Both contractor and government auditors and COs have been very inconsistent in whether certain costs are allowable under the employee morale and welfare criteria or unallowable under the Entertainment principle.  Courts have been asked to settle many of the questions.  For example, Cotton & Co. (DOE BCA No. 426-6-89) ruled certain challenged expenses allowable such as (1) a $100 gift certificate to an employee hosting a company picnic (2) three birthday luncheons (3) luncheon and dinner parties with key personnel for career counseling and (4) occasional Friday afternoon pizza parties.  Effective October 1, 1995, the government amended the FAR to explicitly state that unallowable entertainment costs cannot be deemed allowable under another cost principle.  In addition, gifts were made explicitly unallowable unless they are part of compensation or part of an established plan to recognize employee achievement and recreation expenses were made unallowable with the explicit exceptions of costs of employee participation in company sponsored sports teams or employee organization to improve company loyalty, team work or physical fitness.

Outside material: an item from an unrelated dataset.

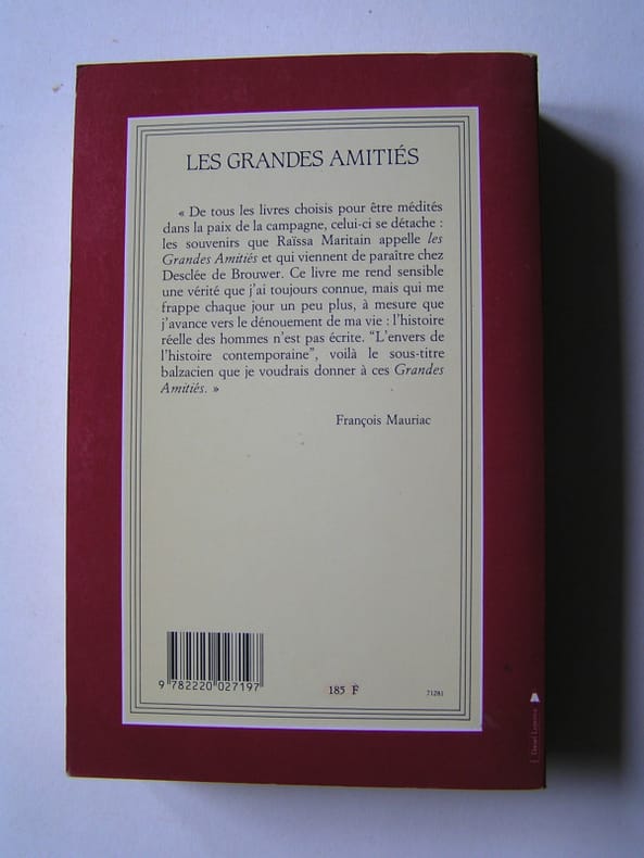 Rédition de 1993 en un seul volume de deux livres , ˮLes grandes amitiésˮ et ˮLes aventures de la Grâceˮ, parus initialement en 1941 et 1944 à New-York qui reçu le prix du ˮRenouveau Françaisˮ en 1948. Préface de François Mauriac (éditorial du Figaro de 1948). Raïssa Maritain retrace dans ce livre ses années d'enfance, de jeunesse et le trajet spirituel qu'elle et Jacques Maritain ont suivi à travers l'enseignement de leurs maîtres et l'affection de leurs grands amis de ce temps, Henri Bergson, Ernest Psichari, Georges Rouault, Léon Bloy... «L'histoire de Jacques et Raïssa Maritain, ce serait peu de choses si elle n'était que l'histoire de très belles intelligences: qu'ils soient l'un et l'autre comblés des dons de l'esprit, cela est indéniable, mais enfin nullement exceptionnel. Qu'ils aient reçu la grâce de la conversion dans les circonstances que raconte ce livre n'offre rien non plus qui rende leur aventure différente de beaucoup d'autres. Mais ceci leur est particulier: à travers tant d'années et tant d'épreuves, la fidélité à leur vocation; cette fidélité a fait de leur modeste maison l'un des centres de vie spirituelle les plus féconds peut-être de France et même d'Europe. Chez eux, la connaissance tourne à l'amour: l'ordre de l'esprit rejoint l'ordre de la charité, voilà le secret de tout; car qui dit fidélité, dit charité.» François Mauriac (Le Figaro, 11-12juillet 1948).
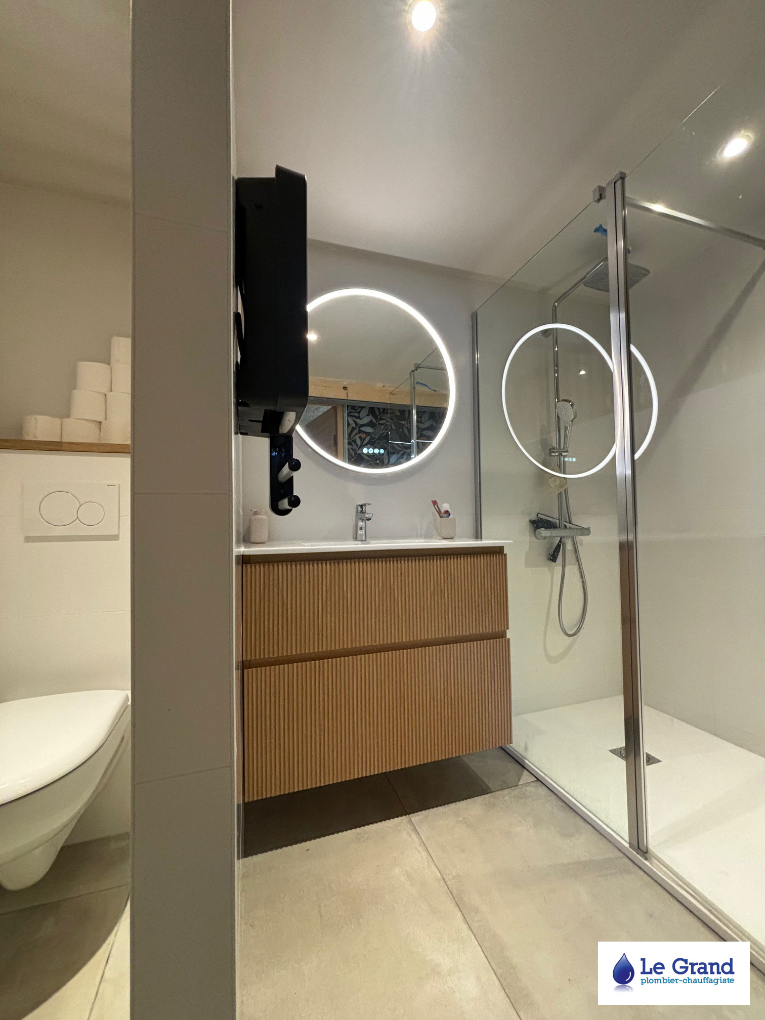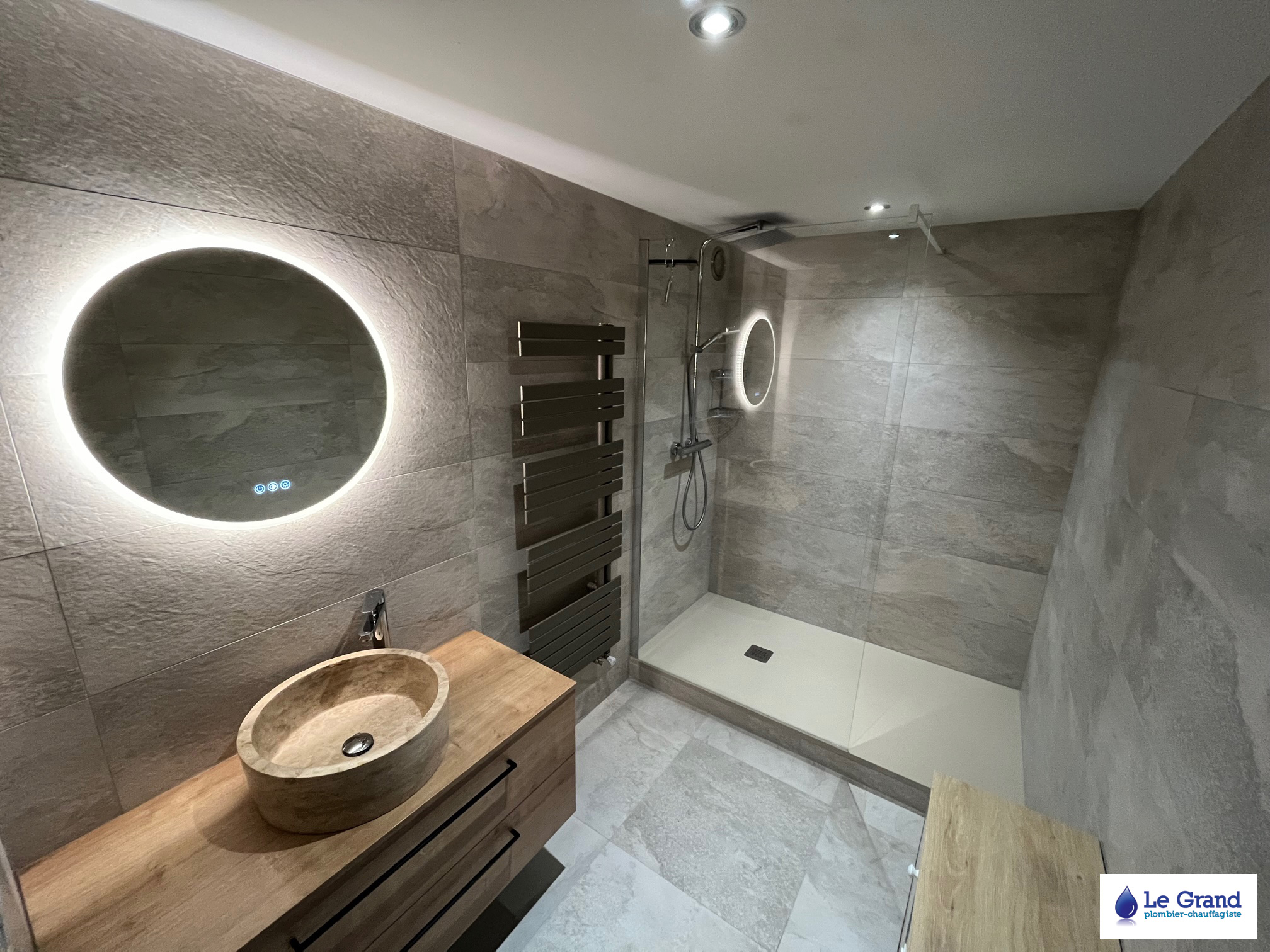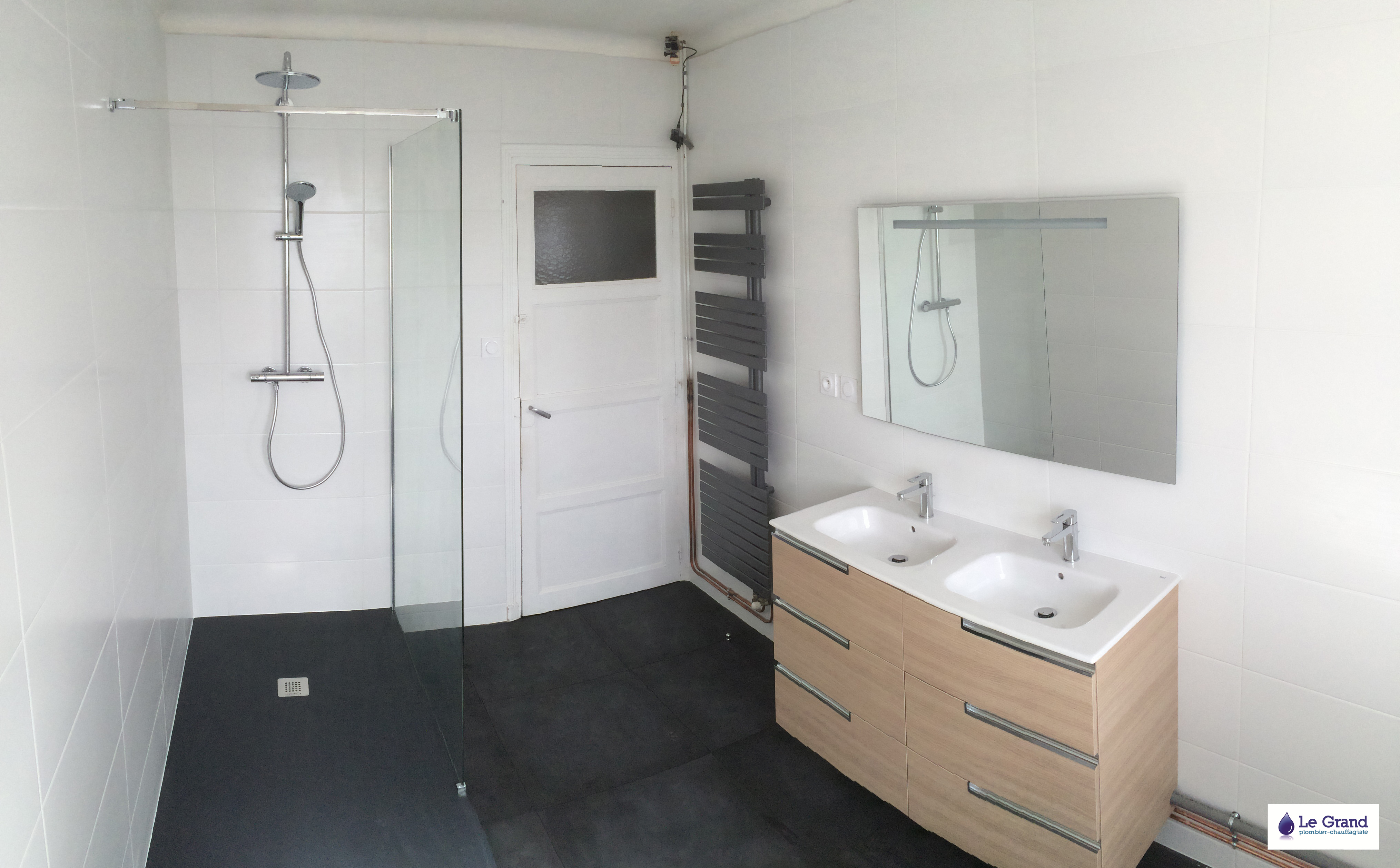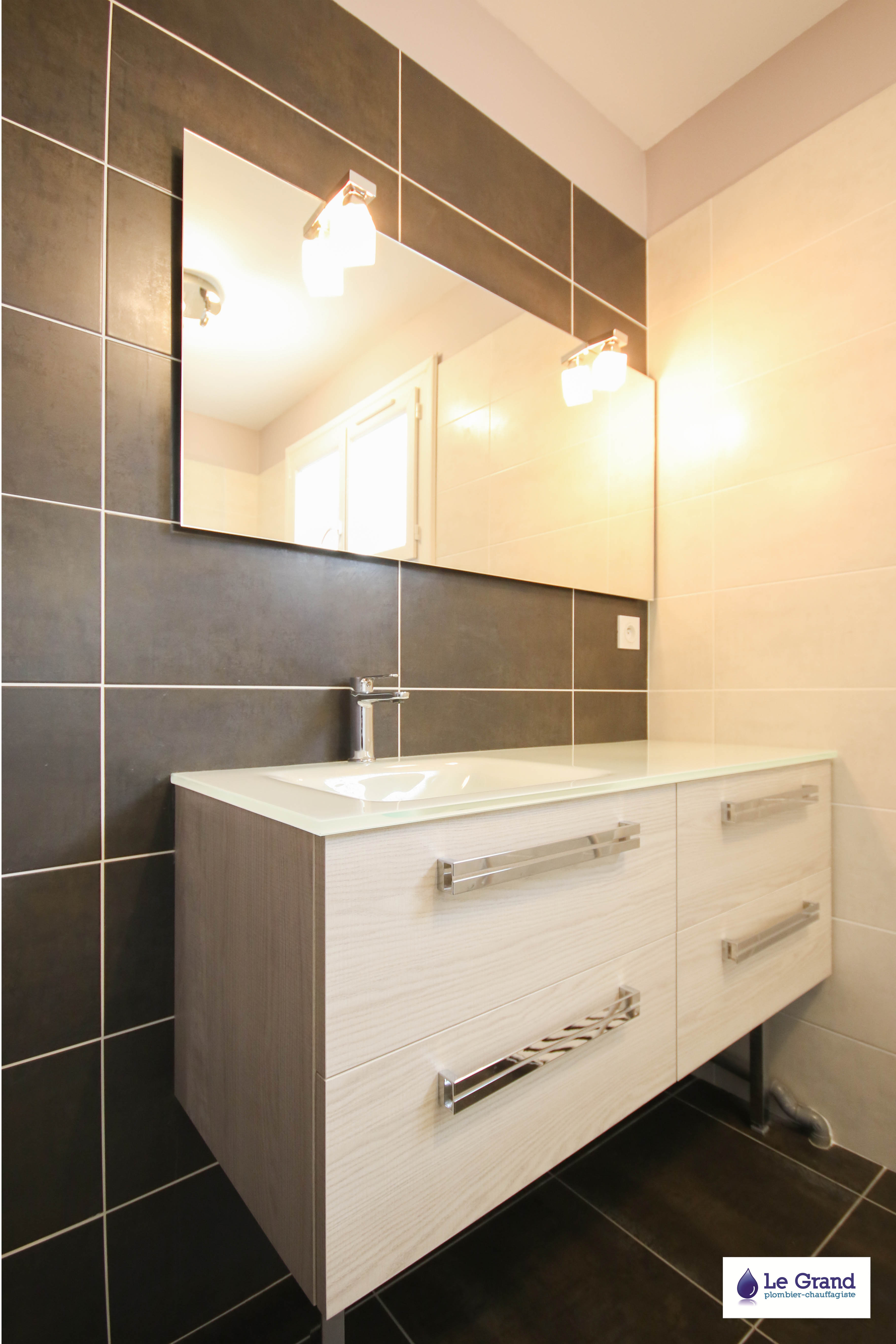 L’entreprise Le Grand vous accompagne dans votre projet de la conception jusqu’à la réalisation. Nous assurons les prestations de plomberie, chauffage, électricité et carrelage nécessaires à la rénovation de votre salle de bains.

The Defense Contract Audit Agency has interpreted the rather broad 1995 changes to make numerous costs unallowable.  Even when court decisions issued before 1995 allowed many activities (e.g. picnics), DCAA interprets the 1995 changes as making such events as picnics, holiday dinners and retirement parties unallowable.  Unless such events are designed to improve employee loyalty, morale or fitness they will be questioned.  Though auditors are now generally consistent in their views about allowability of the above events, their guidance stresses that such costs should be reviewed for reasonableness and materiality.  In our experience, many auditors will not question such costs if they are not “material” while other auditors will attempt to identify such events and question the amount no matter how significant the dollar expenditures are.  Though several commentators have taken issue with DCAA’s more aggressive position since 1995, the low dollar amount of questioned costs makes expensive challenges doubtful for now.